On one hand, in Minecci, the Justices nearly unanimously refused to find an implied right of a plaintiff to bring a lawsuit against privately-employed government officials. On the other hand, in Filarsky, the Justices unanimously found an implied immunity for a part-time government official who was sued for alleged civil rights violations. The difference between the two cases cannot be what Congress said or did—because Congress did not expressly authorize either Bivens actions or qualified immunity. The Court was willing to go beyond the text that Congress enacted in order to aid civil rights defendants, but not to aid civil rights plaintiffs.
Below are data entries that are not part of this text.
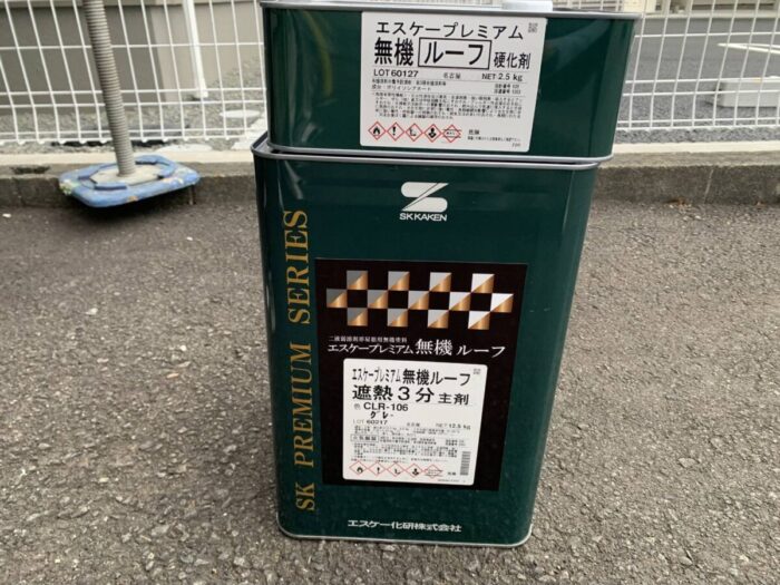 使用エスケー化研製品の「プレミアム無機ルーフ遮熱」の3分艶有を使用します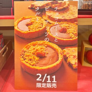 昨年販売しました「チョコムースとピーナッツのタルト」。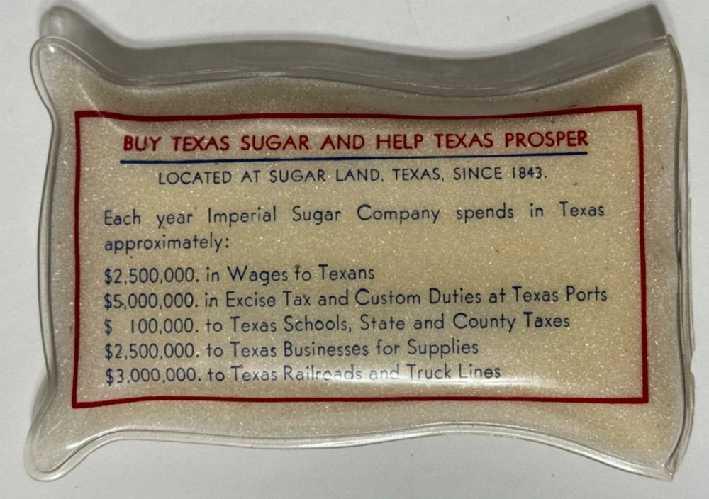 Vintage and Very Rare : Imperial Sugar Company Advertising / Customer giveaway " Sack of Sugar Paperweight dated 1955 " Size: 3x5x1 Condition : Used , some wear and aging but colors and advertising still bright and bold and legible. NOTE : the Plastic & Sugar are still pliable inside and the Bag has very slight tackiness due to age of the plastic (69 years) , but still in excellent condition. Date : 1955 / Adverting its " 112th year and marking the15th Billionth pound of Sugar produced. The rear has other stats , facts and information . Comment on rarity : I've collected several Imperial Sugar pieces of advertising for quite sometime and I've never seen anything like, I've had this in my collection for 20+ years. All sales are final No returns Questions please email Shipping USPS Thank you for your interest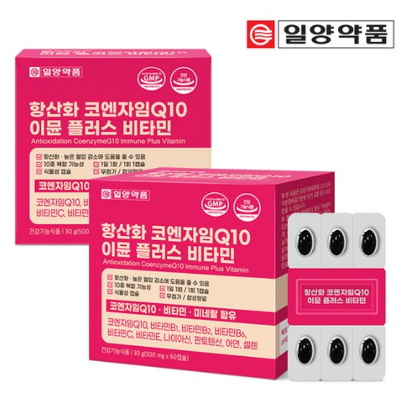 일양약품에서 출시된 코큐텐 역시 일 최대 섭취량인 100mg가 함유되어 있고 순도 99% 이상의 미국산 프리미엄 코엔자임 성분으로 중국산과 일본산 원료를 배제하였고, 소화가 잘 되는 식물성 캡슐입니다. 이 또한 크기가 작고, 첨가물이 들어가지 않아 믿을 수 있는 제품입니다. B1, B2, B6, 비타민C, E, 판토텐산, 나이아신, 아연, 셀렌등의 성분으로 면역기능과 에너지 대사에 중점을 둔 제품입니다.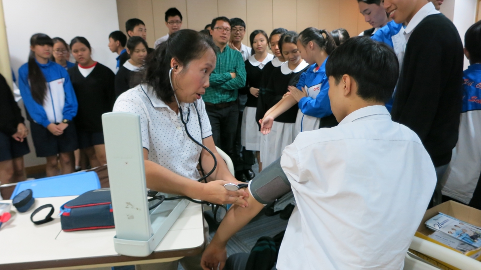 當日香港醫護學會主席葉先生為同學分析了醫護界就業前景,介紹了各種醫護職位、薪酬及晉升階梯。同時,透過不同的互動體驗活動,讓同學了解醫護器材,讓同學增加對醫護服務行業之認識,為入行做好準備。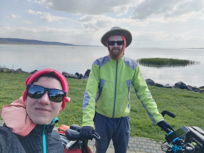 Am nächsten Morgen bemerkten wir, dass sich auf der Innenseite des Außenzeltes Frost gebildet hatte! Wir tranken schlotternd noch einen Kaffee, schluckten schnell unser Frühstück und sahen bereits gegen 7 Uhr zu, dass wir in Bewegung kamen, damit uns endlich warm wurde. Nach ein paar Kilometern fiel uns auf, dass wir bei unserer Ungarn-Durchquerung werde einen Besuch von Budapest (was scheinbar jeder grundsätzlich unterstellt) noch eine Visite des Plattensees vorgesehen hatten. Da dessen Westufer jedoch nicht weit war, entschieden wir uns in Héviz spontan nach Keszthely abzubiegen, um dem Meer der Ungarn die Ehre zu erweisen. Dort prangt ein prächtiges Schloss oberhalb der Stadt, aber wir waren noch weit vor den Öffnungszeiten dort. Auf dem Weg zurück zur ursprünglichen Route, die uns über die einzige Straße durch den zutrittsbeschränkten Nationalpark Kis-Balaton führen sollte, versuchten wir über eine Abkürzung eben jenen Nationalpark direkt zu durchqueren. Nachdem wir bereits einige Kilometer in diesen vorgedrungen waren, erspähten wir am Horizont einige Autos und ahnten bereits Böses. Zu Recht, denn ein Ranger trat uns in den Weg. „Stop, Visa, Police, bezahlen, zurück!“ machte uns klar, dass hier keine Diskussion möglich war und wir zähneknirschend den Rückweg antreten mussten. Das bescherte uns einen gehörigen Umweg.

Thus, the most straightforward explanation for the results in Minecci and Filarsky is also the most troubling: The Supreme Court is not so much interested in respecting the policy prerogatives of Congress, as it is in shielding government officials from civil rights lawsuits.
We live in an era when commentators frequently characterize the Court as divided 5-4 on ideological grounds, and on some issues, that characterization is accurate. Yet on other issues, including civil rights litigation, the Court often speaks with nearly one voice. Thus far, this Term’s decisions confirm that on such matters, the entire legal landscape has shifted dramatically rightward over the last generation.